A popular YouTube duo go viral for their prank – including planting mouse bones in grain – only to give fame when their history is extinguished. In a series of increasingly ridiculous apology videos, they admit ‘that some of [their] previous videos can be considered problematic and / or crimes. “This is a solid broadcast of a trend, including the saga of the shrimp, but it can not match the real thing for absurdity or irony.

Next, McKinnon plays a suburban mother who, following her proposal of Rummikub for a game night after dinner, takes revenge through passive-aggressive noises and liquor Josh wine – “the official wine of Rummikub”. This is followed by another suburban sketch after dinner in which three couples are joined together by their sons from the colleagues. One couple, from Uganda, are horrified to hear that their son has changed his major from medicine to creative writing. When a white parent says that the world needs more poets, Kaluuya’s furious patriarch replies, “Yes, if there is one thing we have learned from the pandemic, it is that the world needs more poets!” There is a real specificity to the humor, which one has to assume due to Kaluuya’s experience.

St Vincent is the musical guest performing the glammy Pay Your Way in Pain. Weekend Update then begins with Jost putting on Gaetz, who he admits ‘looks like a cartoonist of mine’, making Davidson’s cast even worse. He points to the hypocrisy of right-wingers: ‘A sitting congressman is accused of trafficking in children, and the QAnon people are suddenly like,’ Eh, I need more evidence. ”

The first guests are Smetay Farms owners, Vaneta and Wylene Starkie (McKinnon and Aidy Bryant), who promise that their ‘grade A Easter meat’ comes from animals that deserve to be killed: a lamb that is a plantation attended a wedding, a hen that contributed to a toxic work environment, a veal that ‘pulled away by the subway’. They are followed by the narrow guy who just bought a boat (Alex Moffat) on hand to discuss post-pandemic appointments (“Goodbye Facetime – hello sit-on-my-face time!”), And a very mixed age couple, Heidi Gardner and Mikey Day.

After a pointless sketch about frat boys planning a Tahoe trip with their mothers, Kaluuya plays a dog owner who offends other owners with a silly impression of their mutations. This leads to a disagreement with Andrew Dismukes over the feelings of Ego Nwodim, only for her to strike out over both. There is a decent punchline, but it is dragged through an awkward setup. Using real dogs does not help.
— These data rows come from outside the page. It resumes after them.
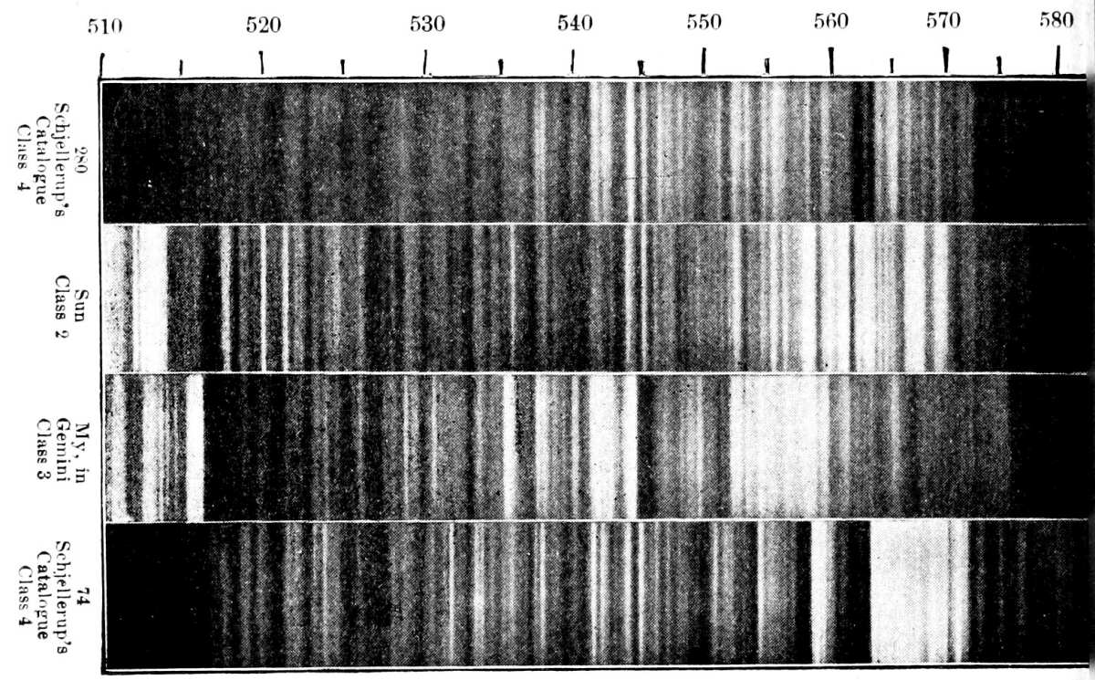 [17] This circumstance indicates that the red color of these stars, as we have already remarked with regard to Mira Ceti, is not to be traced back to a low temperature, but rather to the dust surrounding them. The most extraordinary brightness of some stars, like Arcturus and Betelgeuse, which are redder than the sun, and whose spectra, according to Hale, resemble those of the sun-spots, presuppose a very high temperature. The characteristic lines of their spectra are produced by the relatively cool vapors of their outer portions.
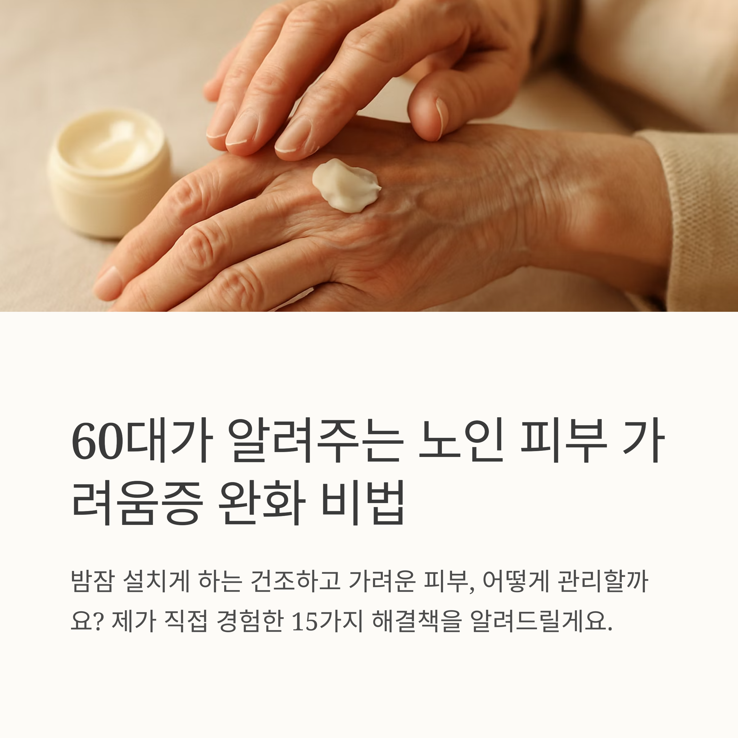 나이 드는 건 어쩔 수 없지만, 건조하고 가려운 피부 때문에 밤잠 설치는 건 싫잖아요. 60대 중반인 제가 직접 경험하고 효과 본 노인 피부 가려움증과 건조증 관리법을 알려드릴게요. 여러분의 편안한 노년을 위한 작은 도움이 되길 바랍니다.
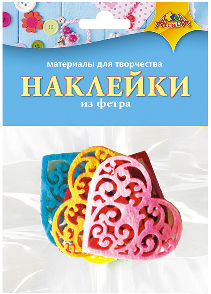 АппликА Наклейки из фетра «Сердце»В данный момент этот товар отсутствует в продаже. Возможно, у нас найдется аналогичный или похожий товар здесь. В этом наборе представлены фигуры из текстильного материала, а также вспененный полимер с двухсторонним клеевым слоем. Фетровые наклейки можно переклеивать, используя новый вспененный полимер (или двухсторонний скотч). Фигурки могут быть приклеены на гладкую ровную поверхность. Украшать ими можно открытки, скрапбук, поделки, сумки, одежду и многое другое. |
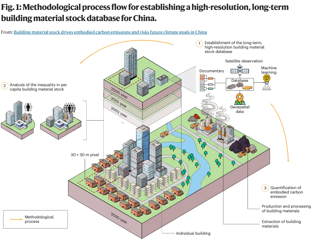 中国在过去二十年经历了人类历史上最为宏大的城市化进程,极大地改善了人均居住条件并推动了社会经济发展。然而,这一进程伴随着建筑材料的巨量累积,对全球资源与环境的可持续性构成了严峻挑战。随着建筑运行阶段能耗控制力度的加强,由建筑材料全生命周期产生的“隐含碳”在建筑行业总排放中的占比预计将显著攀升,甚至可能在2050年占据主导地位,成为制约未来气候目标实现的关键因素。然而,现有的全球或国家尺度研究多局限于粗空间分辨率或单一时间断面的静态核算,缺乏能够支撑长时序动态分析的高分辨率数据源。这种时空数据的匮乏使得中国过去二十年建筑材料存量的演变轨迹及其隐含碳排放特征依然模糊不清,导致在评估国家碳中和战略路径及可持续发展目标时存在巨大的不确定性与潜在风险。
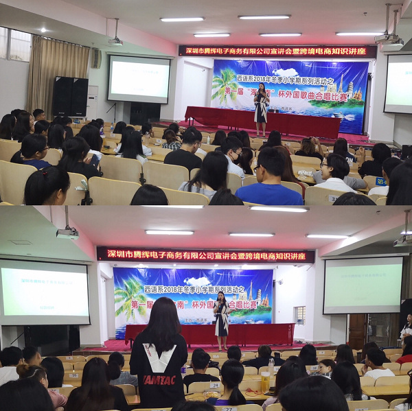 11月15日上午8点,我系在学院多功能报告厅给2019届全体毕业生召开深圳市腾辉电子商务有限公司宣讲会暨跨境电商知识讲座。宣讲嘉宾是深圳市腾辉电子商务有限公司招聘主管毛主管。本次宣讲会由潘虹禅老师主持。
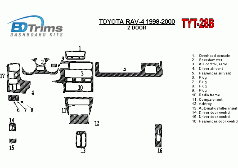 Toyota RAV-4 1998 - 2000 Dash Trim Kit
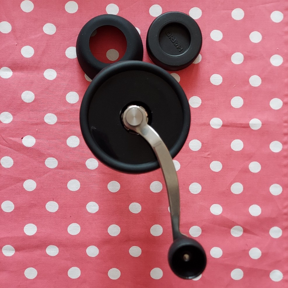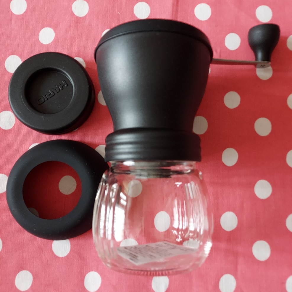 粉受け=耐熱ガラス、ホッパー・ハンドルツマミ・ガラス用蓋=ポリプロピレン、臼=セラミック、ハンドル一式=ステンレス、ホッパー用蓋・滑り止めカバー=シリコーンゴム
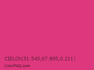 CIELCh 51.545,67.895,0.211 Color is a normal rose color and the nearest color is Cerise #da3287. Hex code #de377d and RGB value is rgb(222,55,125). In RGB color space, this color is composed of 87% red, 22% green, 49% blue, In CMYK color space, this color is composed of 0% cyan, 75% magenta, 44% yellow , 13% black , In HSL color space, this color has a hue angle of 335° , 72% saturation and 54% lightness.
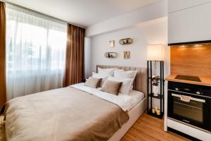 Klimatizovaný apartmán Lake Sunset Studio - aproape de plajă, nou, modern tvoří 1 ložnice, plně vybavená kuchyň s lednicí a troubou a 1 koupelna. Koupelna v ubytování zahrnuje sprchu a toaletní potřeby zdarma. V ubytování ubytování jsou pro hosty připraveny ručníky a ložní prádlo.
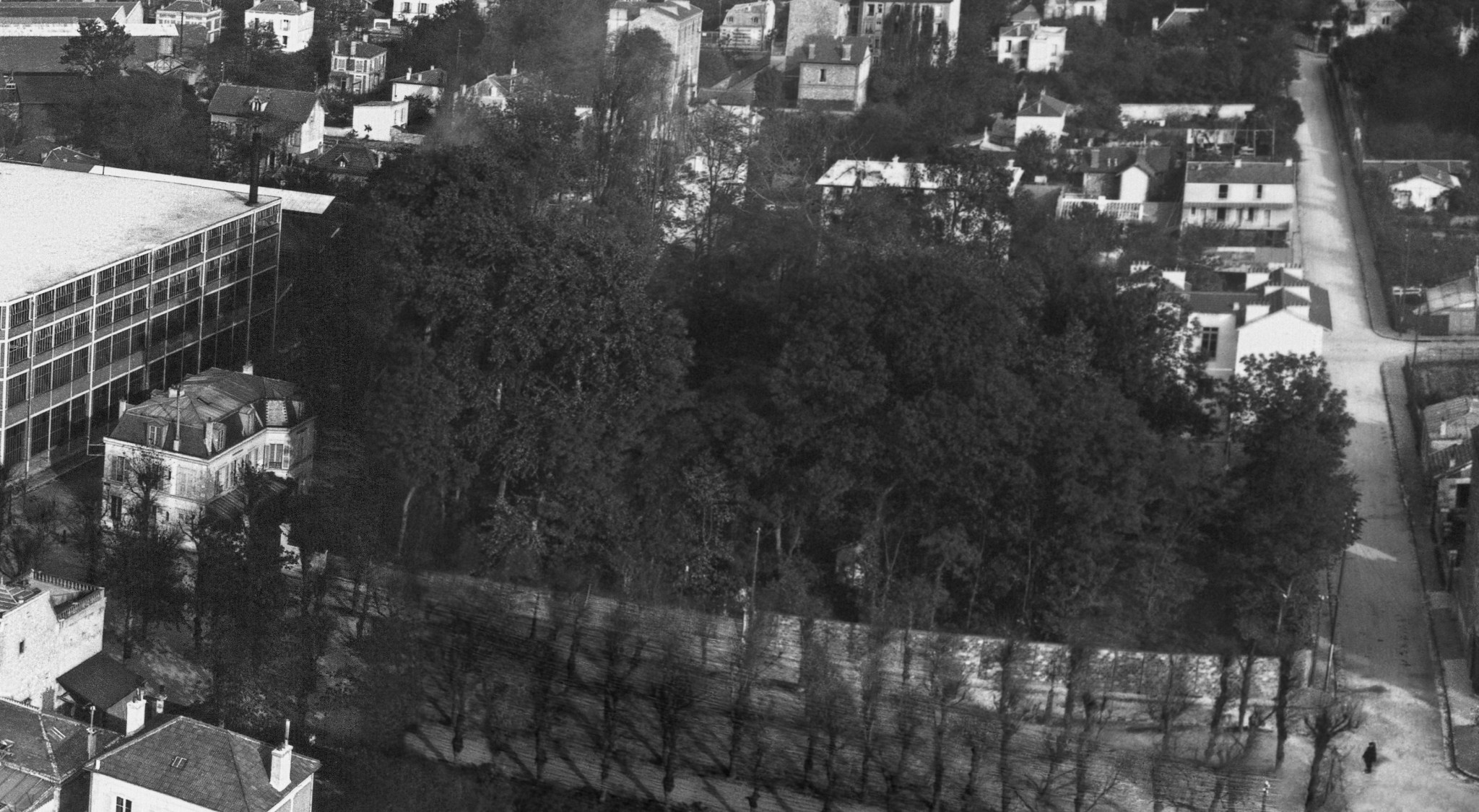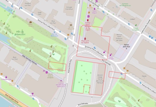 La propriété Renault est maintenant un grand parc noyé sous les arbres. Pour vous donner un repère, c’est aujourd’hui le terrain où est situé le bâtiment Dreyfus, ce grand bâtiment de brique jaune au bout du parc de Billancourt (voir notre article).

St Vincent returns for The Melting of the Sun, before the final sketch finds another group of suburban friends gathering for wine. Things take a strange turn when the host’s half-brother (and ‘full Facebook friend’) and his soon-to-be ex-wife, Joleen (‘like the whore out of the song’) perform a free jazz. From the way Cecily Strong was dressed, it appears to be an extensive broadcast of a 2011 video showing Kim Cattrall showing off her skills. SNL with his finger on the wrist, as always.

Kaluuya was responsible for a few highlights, but most of the episode left much to be desired. The sheer laziness displayed – the refusal to take full advantage of the cast, too much confidence in a handful of tired lineups – currently underscores one of the biggest problems with SNL.